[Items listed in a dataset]

•••••

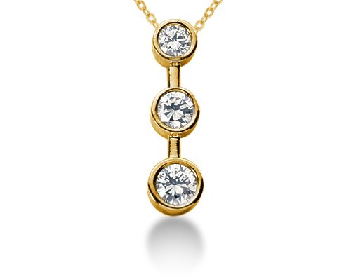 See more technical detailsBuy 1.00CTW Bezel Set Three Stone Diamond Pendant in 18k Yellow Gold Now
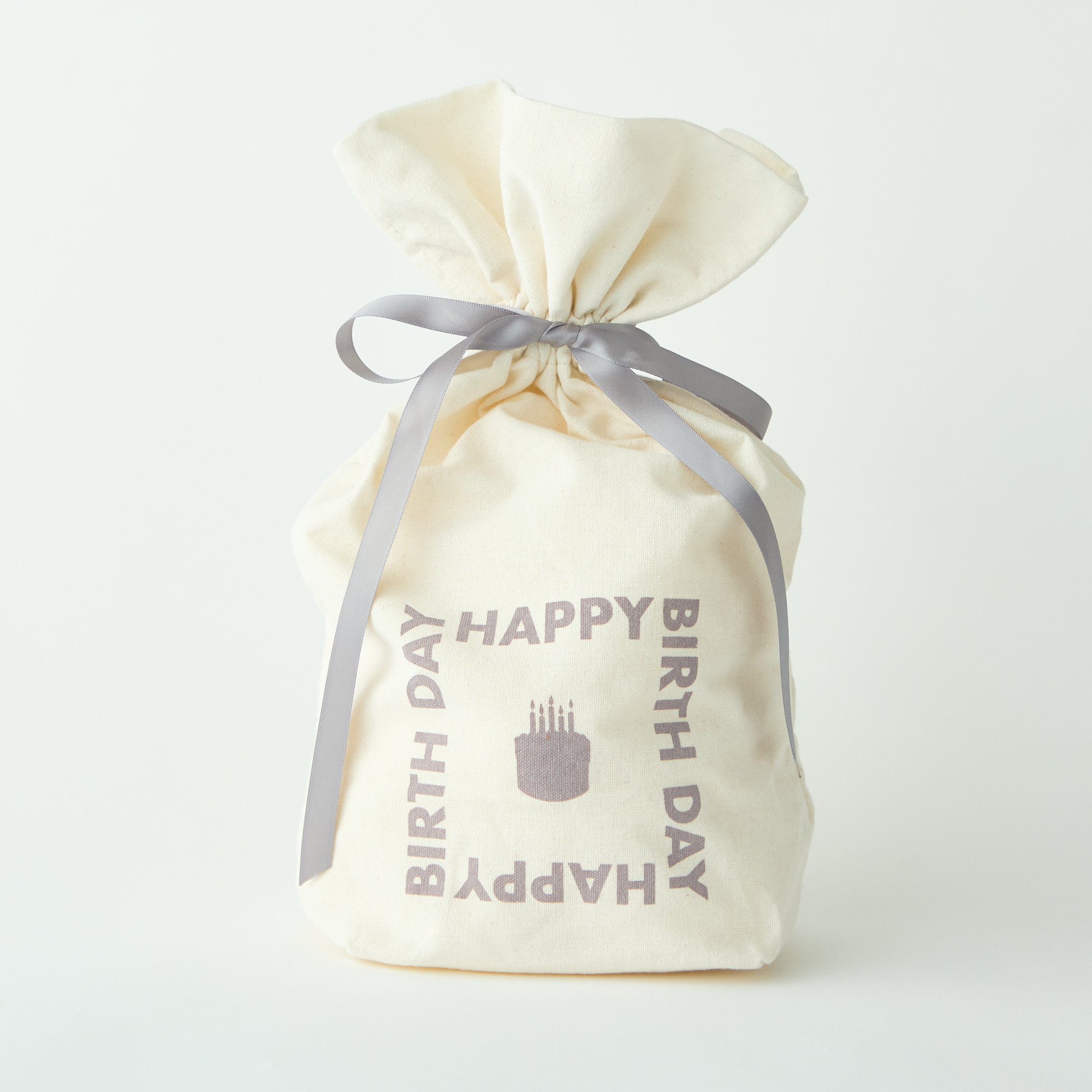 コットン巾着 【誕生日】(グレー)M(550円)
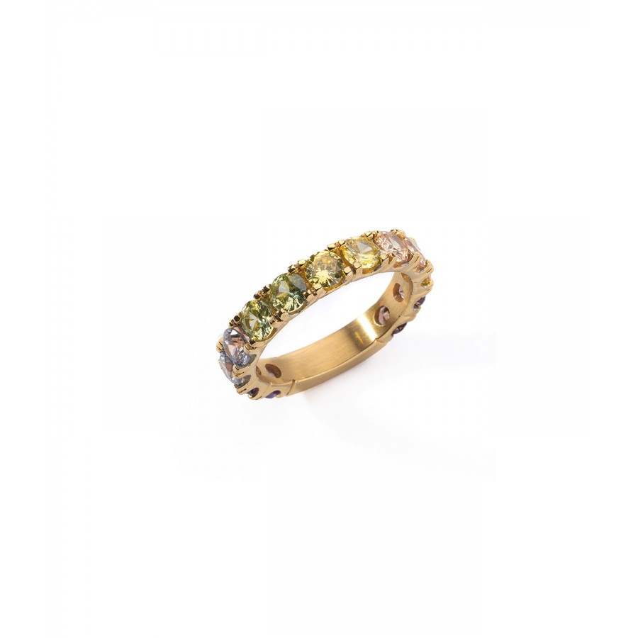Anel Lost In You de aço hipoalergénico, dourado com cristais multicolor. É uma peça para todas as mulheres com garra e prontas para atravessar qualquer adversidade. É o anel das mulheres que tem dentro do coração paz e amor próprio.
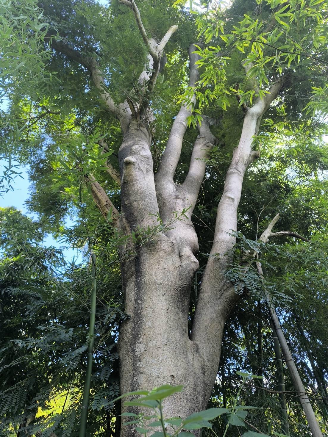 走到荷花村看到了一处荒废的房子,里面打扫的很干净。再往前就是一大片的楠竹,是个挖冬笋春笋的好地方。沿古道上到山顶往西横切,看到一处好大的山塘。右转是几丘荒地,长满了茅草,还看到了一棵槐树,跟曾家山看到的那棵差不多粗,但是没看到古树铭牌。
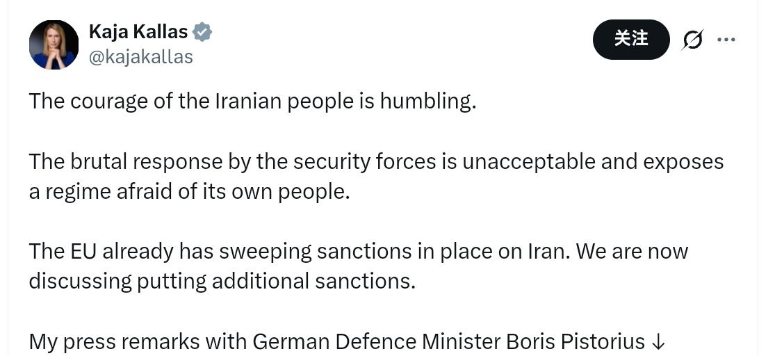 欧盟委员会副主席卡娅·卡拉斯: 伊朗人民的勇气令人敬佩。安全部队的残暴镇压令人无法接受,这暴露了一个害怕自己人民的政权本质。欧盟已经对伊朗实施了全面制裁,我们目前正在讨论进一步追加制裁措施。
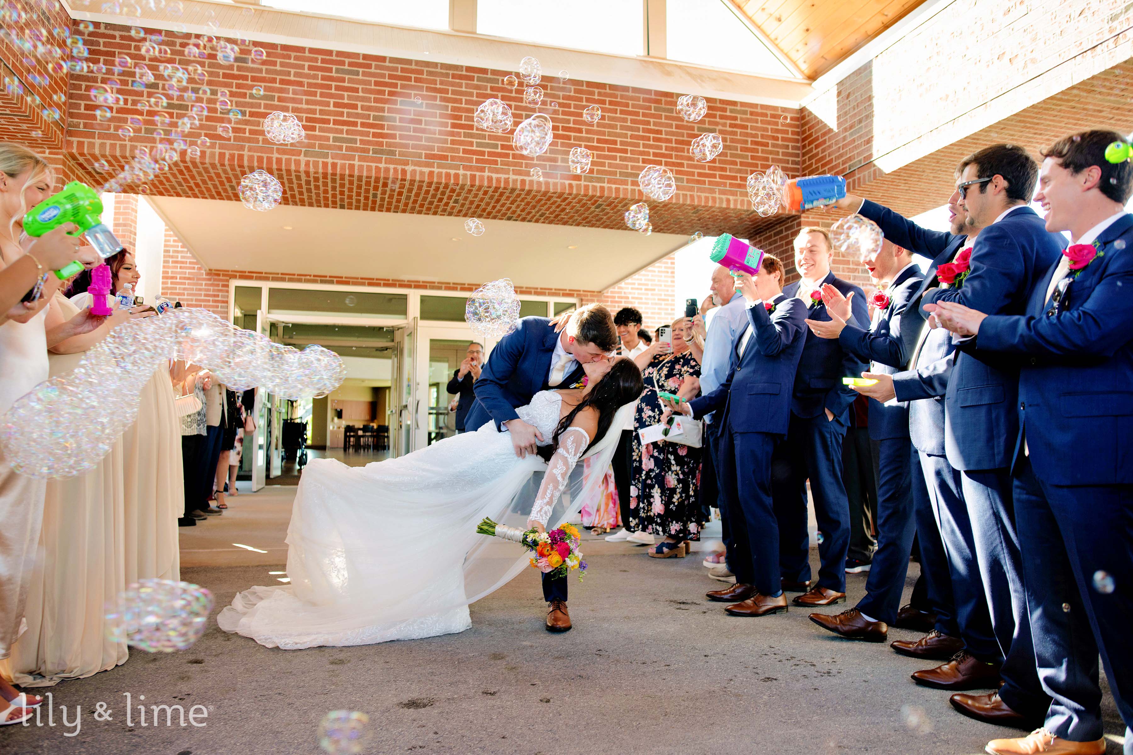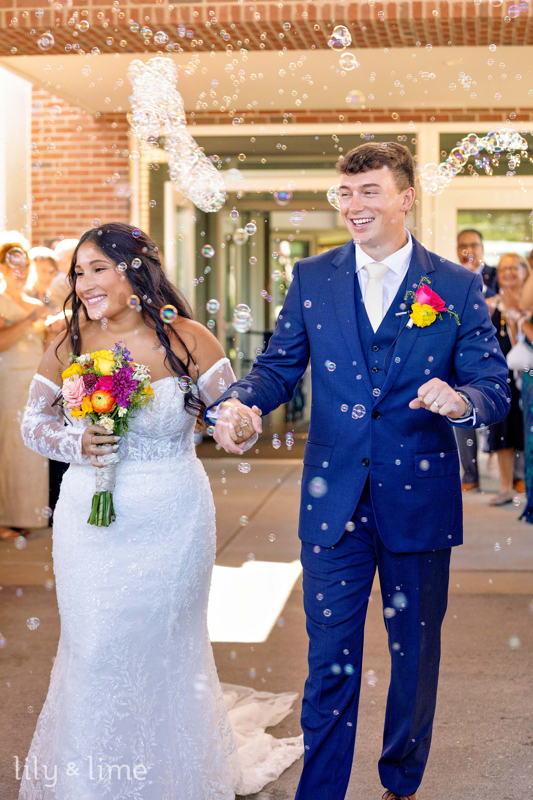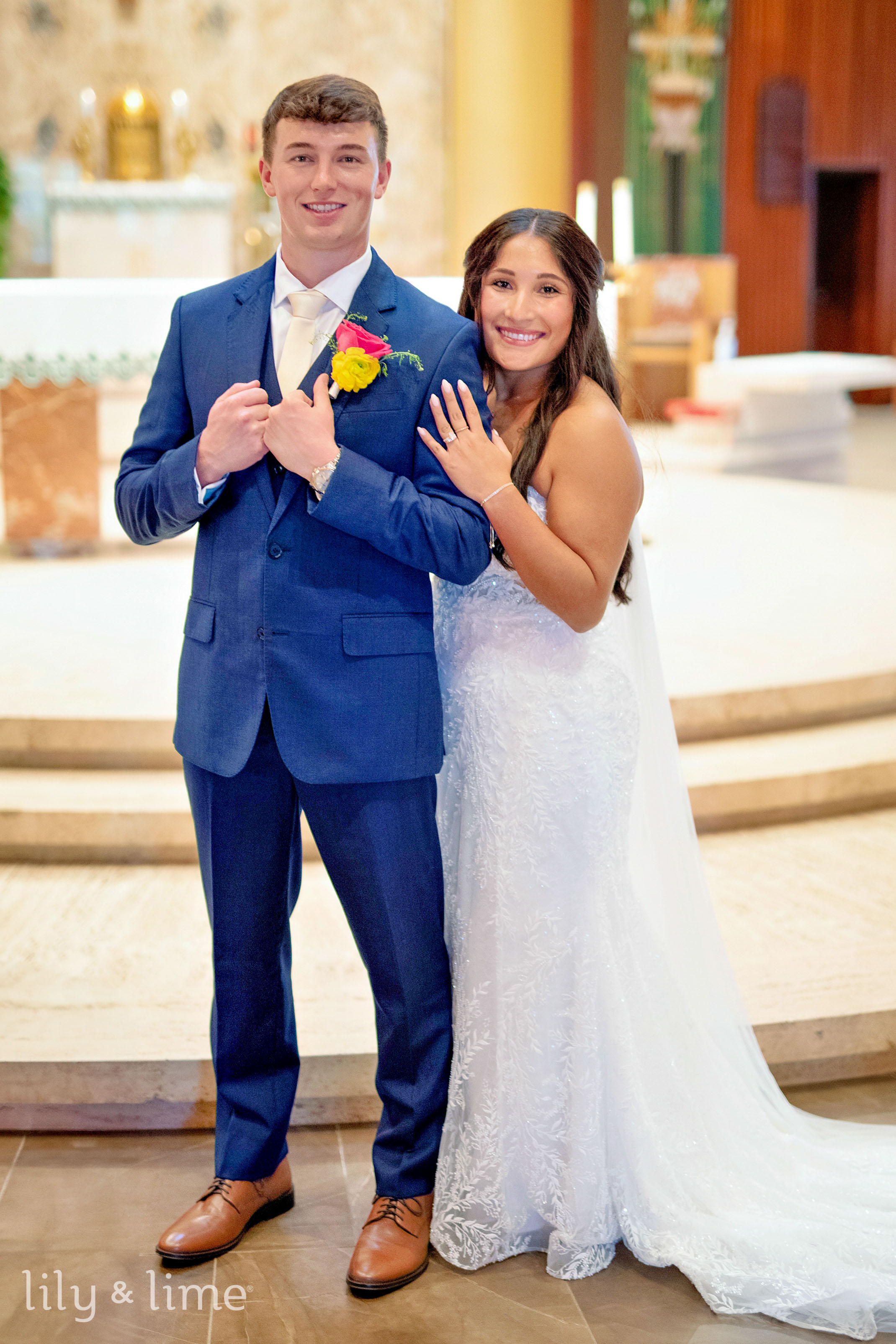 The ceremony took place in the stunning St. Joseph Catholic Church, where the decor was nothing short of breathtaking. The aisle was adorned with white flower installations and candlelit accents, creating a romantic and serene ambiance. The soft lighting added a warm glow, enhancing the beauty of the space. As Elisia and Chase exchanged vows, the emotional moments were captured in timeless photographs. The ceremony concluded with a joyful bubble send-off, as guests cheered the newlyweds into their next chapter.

•••••

## WORK TASK:
Reproduce the data above word for word, but leave the images out.

## RESPONSE:
 See more technical detailsBuy 1.00CTW Bezel Set Three Stone Diamond Pendant in 18k Yellow Gold Now
 コットン巾着 【誕生日】(グレー)M(550円)
Anel Lost In You de aço hipoalergénico, dourado com cristais multicolor. É uma peça para todas as mulheres com garra e prontas para atravessar qualquer adversidade. É o anel das mulheres que tem dentro do coração paz e amor próprio.
 走到荷花村看到了一处荒废的房子,里面打扫的很干净。再往前就是一大片的楠竹,是个挖冬笋春笋的好地方。沿古道上到山顶往西横切,看到一处好大的山塘。右转是几丘荒地,长满了茅草,还看到了一棵槐树,跟曾家山看到的那棵差不多粗,但是没看到古树铭牌。
 欧盟委员会副主席卡娅·卡拉斯: 伊朗人民的勇气令人敬佩。安全部队的残暴镇压令人无法接受,这暴露了一个害怕自己人民的政权本质。欧盟已经对伊朗实施了全面制裁,我们目前正在讨论进一步追加制裁措施。
 The ceremony took place in the stunning St. Joseph Catholic Church, where the decor was nothing short of breathtaking. The aisle was adorned with white flower installations and candlelit accents, creating a romantic and serene ambiance. The soft lighting added a warm glow, enhancing the beauty of the space. As Elisia and Chase exchanged vows, the emotional moments were captured in timeless photographs. The ceremony concluded with a joyful bubble send-off, as guests cheered the newlyweds into their next chapter.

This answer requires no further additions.